Dwight collects a small fee
 for the crafts program
This year the Holiday Open House was held on Sunday, December 2, but preparations began well before that. In September I harvested hundreds of acorns from five giant oak trees in my yard. I snipped pine needles from conifers that line two sides of my property and collected all sorts of interesting twigs and leaves from the grounds around my house. In the days leading up to the event I gathered festive paper goods and serving utensils, cleaned my hot trays and large glass beverage dispensers, and met with other crafters in the Parks Department who bestowed upon me their collections of glue guns and oyster shells and milkweed pods.

Marnie and her daughter, Abby,
decorate an "edible" birdhouse during
the crafts program
On Thursday evening, while Paula and her volunteers were baking their little hearts out, I simmered hearty burgundy with cardamom pods, peppercorns, oranges and brandy to make fragrant mulled wine, and heated gallons of apple juice with cinnamon and clove-pierced Gravensteins for spiced cider. I spent most of Saturday staging the event at the Soldiers Delight Visitor Center, arranging more than 20 six- and eight-foot tables for the bake sale, a beverage bar and my craft program, then adorning tabletops with holiday cloths, warming trays and cups for beverages, treat boxes and cellophane bags for baked goods, and all manner of ingredients from nature for my craft program, along with tiny balsawood birdhouses and an assortment of toothpicks, paint, glitter, pipe cleaners and wooden beads.

A young crafter gives his "reindeer"
a glittery red nose
It was a big day, Sunday. I rose early to make a gallon and a half of piping hot chocolate, the last beverage in a trio of tempting elixirs we would be selling by the glass to wash down cookies and fudge that patrons hopefully would not be able to resist tasting as they looked around our visitor center. As volunteers arrived to take their assigned positions at the beverage bar, a volunteer recruiting station, the cash boxes and my craft tables, I slipped a CD of holiday music into a boom box and glanced about the building at our handiwork. We were ready.

Ben shows off his ornamnt,
a tiny holiday vignette created inside
an ordinary plastic laundry scoop
The day went well. We had a steady stream of visitors and my craft tables saw quite a bit of action. The aviary entranced with views of our animals perching, preening and posing for eager photogs, while sales of home-baked goodies and hot beverages were brisk in our exhibit hall. In mid-afternoon the talented and personable naturalists for Patapsco Valley State Park, under whose oversight our habitat falls, invited patrons to the aviary to observe the animals during their daily feeding.
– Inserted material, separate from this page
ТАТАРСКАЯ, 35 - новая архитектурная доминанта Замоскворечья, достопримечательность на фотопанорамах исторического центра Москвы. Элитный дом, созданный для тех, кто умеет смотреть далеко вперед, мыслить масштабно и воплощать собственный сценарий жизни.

One raptor, a red-shouldered hawk, enthralled onlookers by catching her meal in mid-air as it was tossed to her. Others were slightly less animated, but all were fascinating.
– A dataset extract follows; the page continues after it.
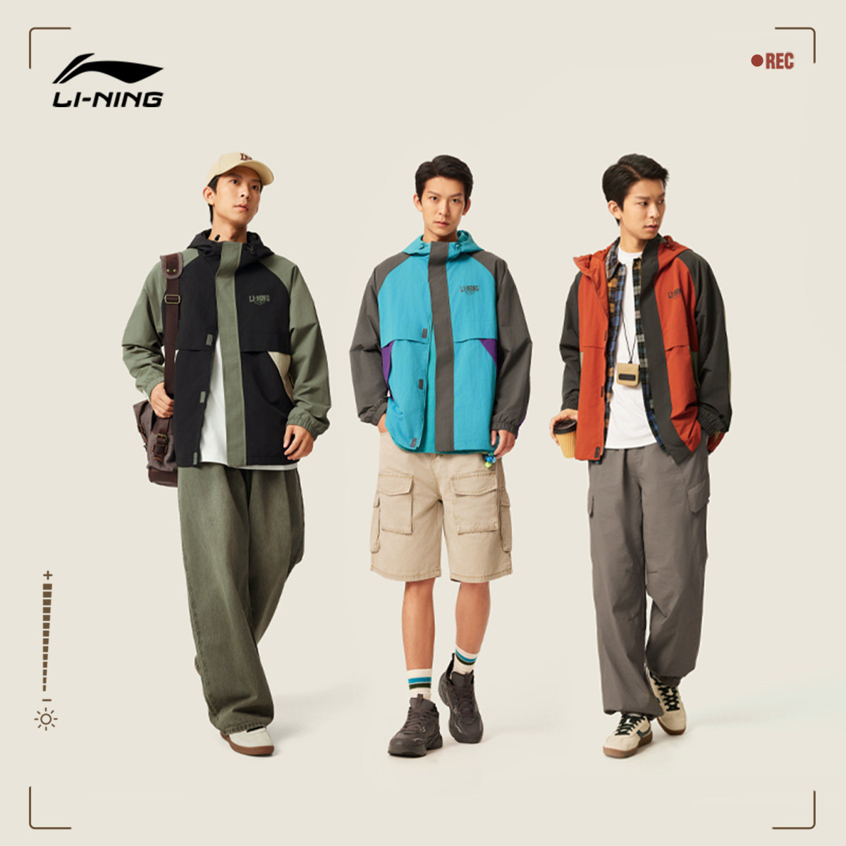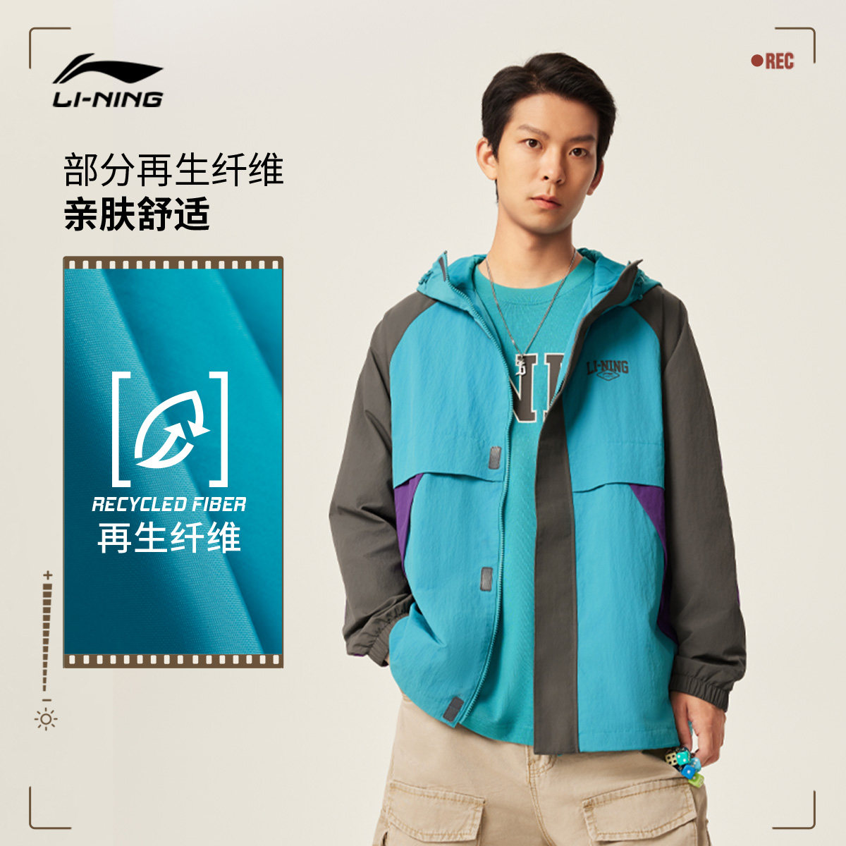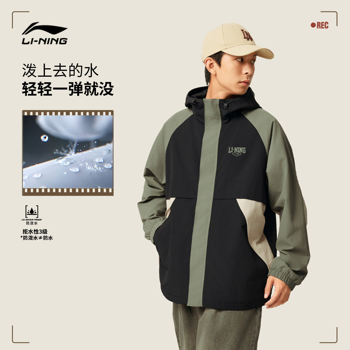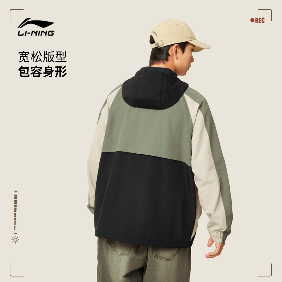 李宁外套男秋季新款拼接防泼水连帽防风服户外宽松夹克风衣运动服

Visitors look on as naturalist Andy Vlangellotto feeds a Peregrine
falcon while naturalist Katie Soranno describes the bird's injuries
In all, the day garnered a respectable sum to further our ongoing conservation efforts at Soldiers Delight.  We sent home with dozens of people some tempting baked goodies, a crafty ornament or two, and memories of wildlife up close and personal that may someday turn a youngster into a lifelong nature advocate. But, mostly, we generated a bundle of goodwill for our cause: to enlighten the public about the plight of over thirty species of endangered flora and fauna which call Soldiers Delight home, and to share with people the wonder of our natural world. I am honored to work with such a dedicated group of people who made our annual fundraiser a success.  Our open house is a big, exhausting effort. But at the end of the day I had a smile on my face about a mission well-accomplished.